» **WORK TASK**: Your answer must be the lines from the first one in the material through the line with "Cut for a floor-grazing", retyped exactly and with no pictures.

» **SUPPLIED MATERIAL**:
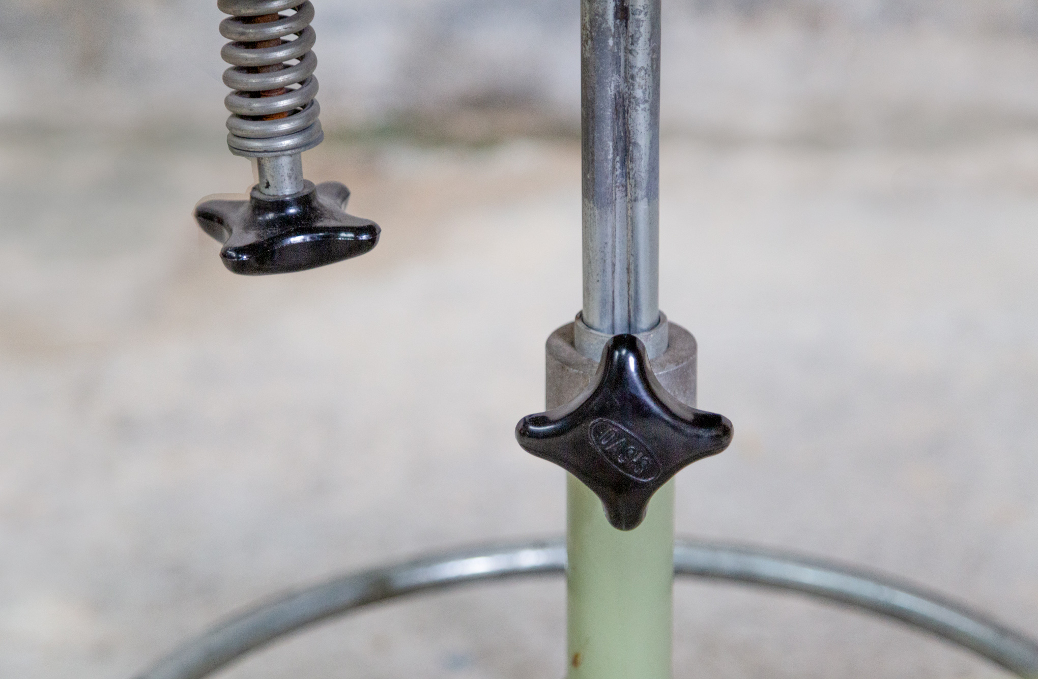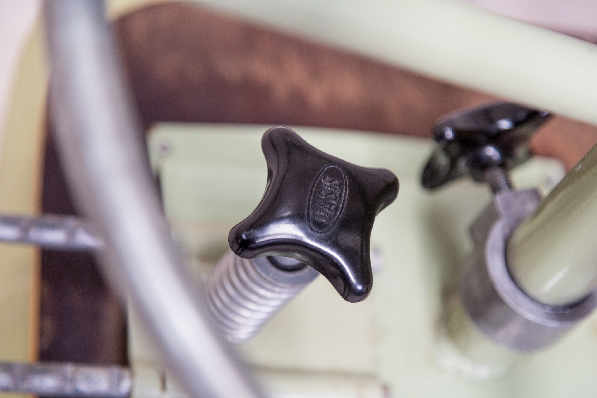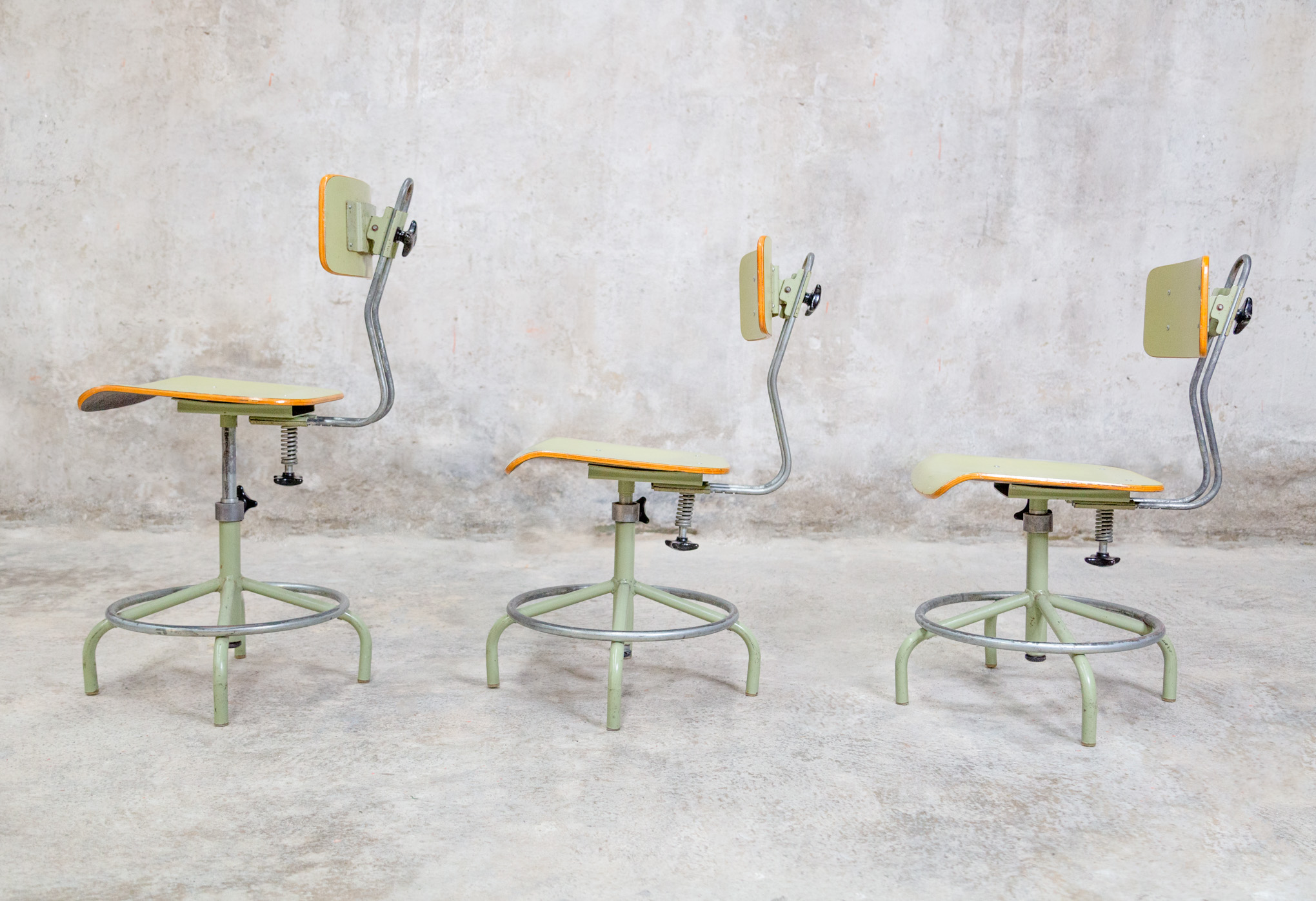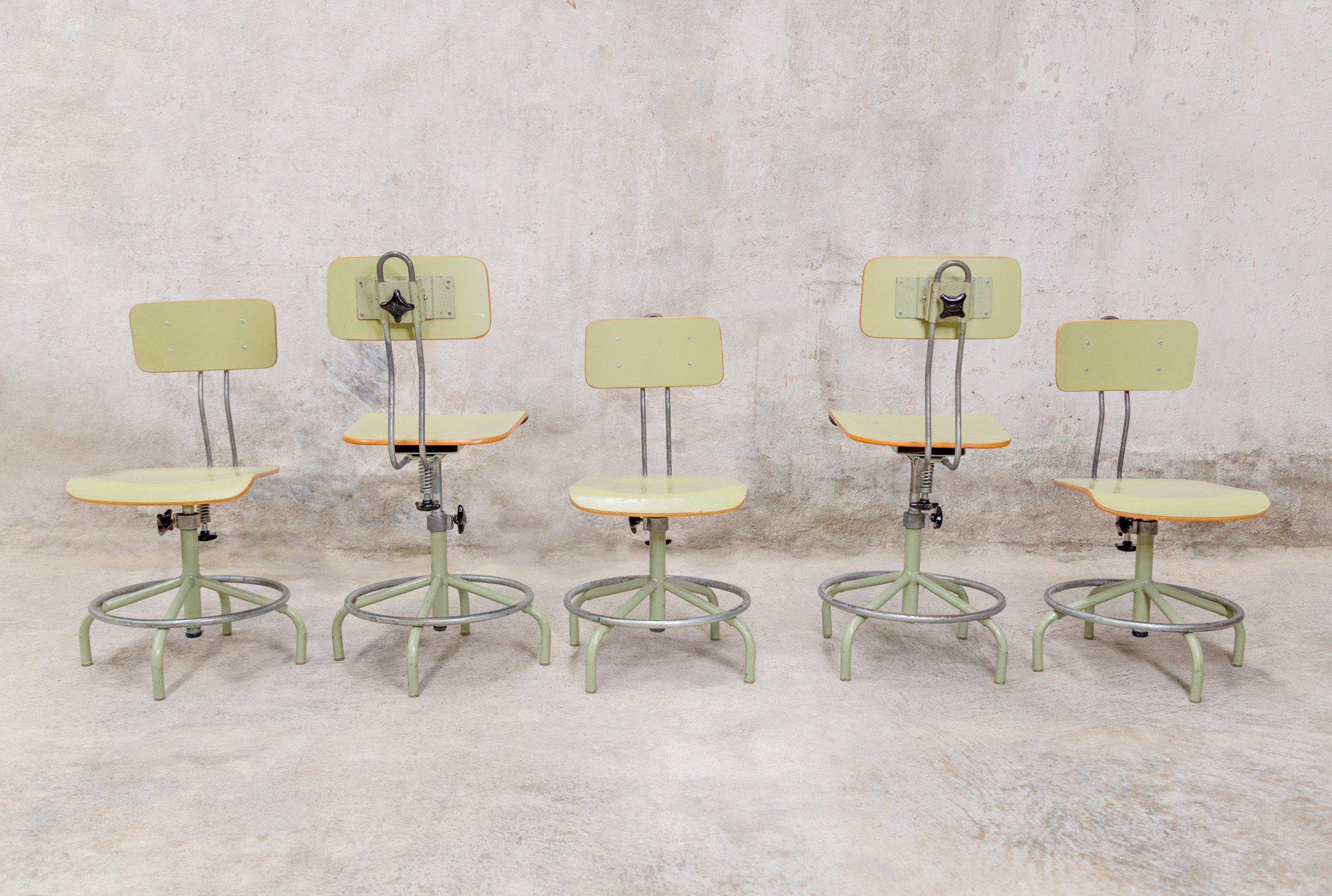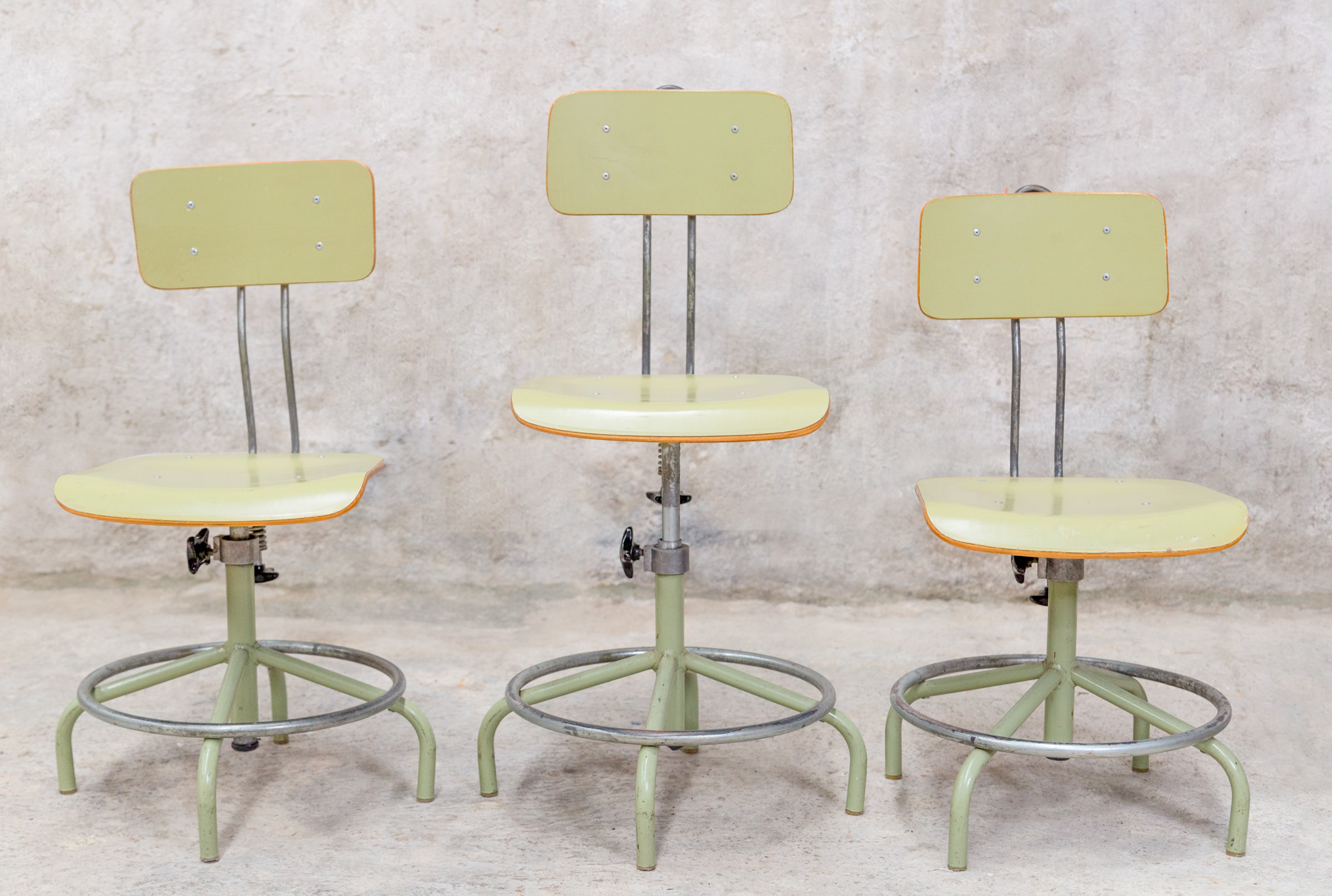 Silla precedente de un taller de costura. Con estructura de metal y asiento y respaldo de contrachapado verde. Reclina, gira y se regula la altura
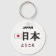 Button or keychain with Japan Euro styled print and Youkoso printed on bottom as ようこそえ日本 Youkoso e nihon.
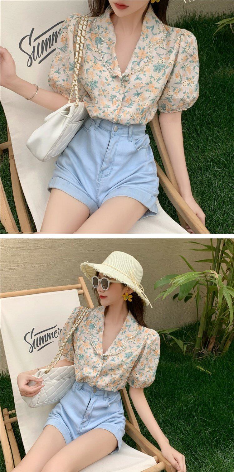 スタイルスタンダードスリーブカラーシャツ レディース夏服ジャケット レトロ 大人ガーリー スウィート キュート カジュアル 夏物 コーデ marchs6785335803470
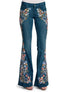 Flare denim jeans featuring intricate floral embroidery on the front and a fitted waist.
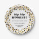 Placas de papel personalizadas para festas de formatura. "Quadril anca hooray!" em uma pia batismal moderna corajosa é seguido em o nome do formando e o ano da classe. O confete do ouro do divertimento é polvilhado em torno da borda da placa! (A nota que o confete metálico do ouro é apenas um efeito impresso - nenhuma folha de ouro real será usada no design!)
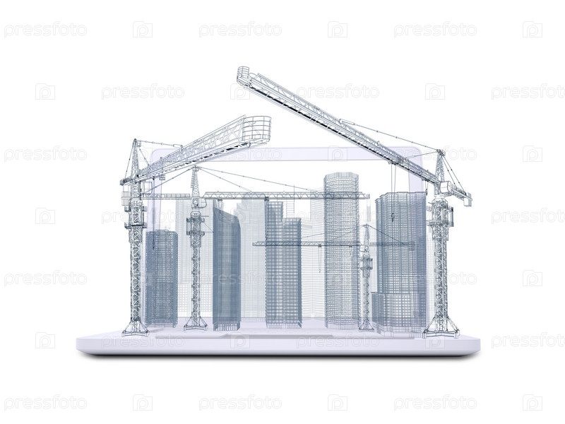 Башенный кран и небоскребы на планшете
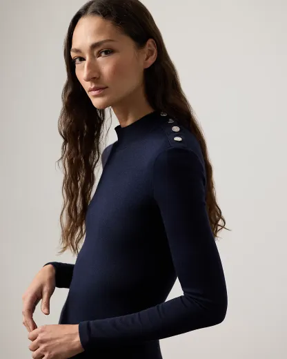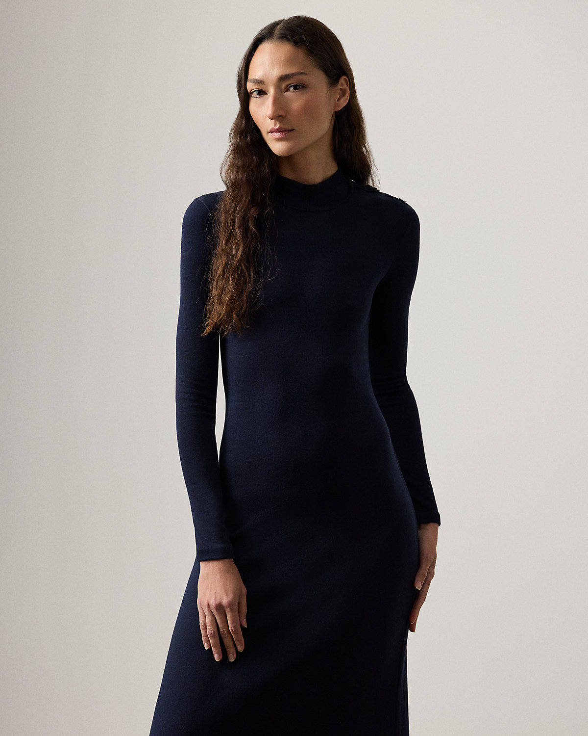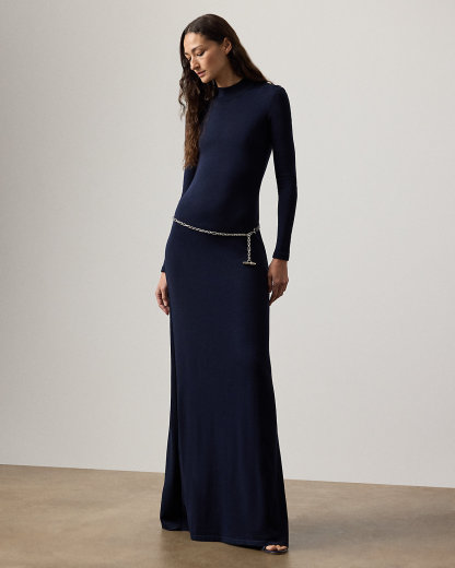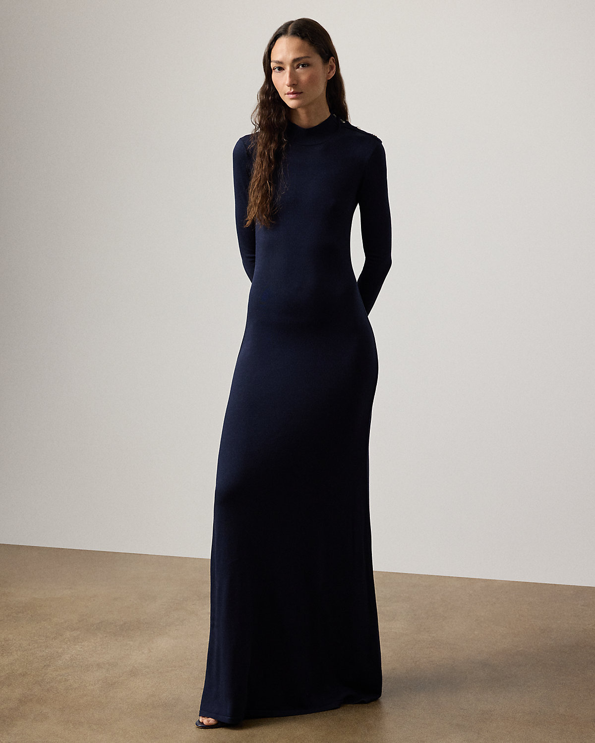 Cut for a floor-grazing length, the Lorina day dress is crafted in Italy with an ultrafine, semi-matte silk yarn knit in a refined, smooth jersey construction. Four metal divs at the shoulder are custom-developed with a script “RL” monogram topped with a crown, offering a regal finishing touch.
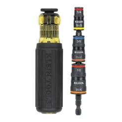 This 7-in-1 impact flip socket driver with handle is from Klein Tools. It includes six integrated hex sizes plus a 1/4 inch bit holding feature. Can quickly and easily change the blade between a screwdriver handle and an impact driver. Includes nut driver sizes of 1/4″, 5/16″, 11/32″, 3/8″, 7/16″, and 1/2″. A multi-function 1/4 inch socket has both shallow (driver) and deep (bit holder) configurations for added versatility. Powerful rare earth magnet securely holds bits and hex head fasteners. Features a 1/4 inch quick connect adapter for easy use with an impact driver. The sockets are color coded for easy identification. Sockets are detachable and allow for easy removal of metal shavings from the magnet. The sockets can be stored on the shaft in any order or orientation. Driver has a patent pending design. Klein Tools part number 32900.

» **ANSWER BOX**:
 Silla precedente de un taller de costura. Con estructura de metal y asiento y respaldo de contrachapado verde. Reclina, gira y se regula la altura
 Button or keychain with Japan Euro styled print and Youkoso printed on bottom as ようこそえ日本 Youkoso e nihon.
 スタイルスタンダードスリーブカラーシャツ レディース夏服ジャケット レトロ 大人ガーリー スウィート キュート カジュアル 夏物 コーデ marchs6785335803470
 Flare denim jeans featuring intricate floral embroidery on the front and a fitted waist.
 Placas de papel personalizadas para festas de formatura. "Quadril anca hooray!" em uma pia batismal moderna corajosa é seguido em o nome do formando e o ano da classe. O confete do ouro do divertimento é polvilhado em torno da borda da placa! (A nota que o confete metálico do ouro é apenas um efeito impresso - nenhuma folha de ouro real será usada no design!)
 Башенный кран и небоскребы на планшете
 Cut for a floor-grazing length, the Lorina day dress is crafted in Italy with an ultrafine, semi-matte silk yarn knit in a refined, smooth jersey construction. Four metal divs at the shoulder are custom-developed with a script “RL” monogram topped with a crown, offering a regal finishing touch.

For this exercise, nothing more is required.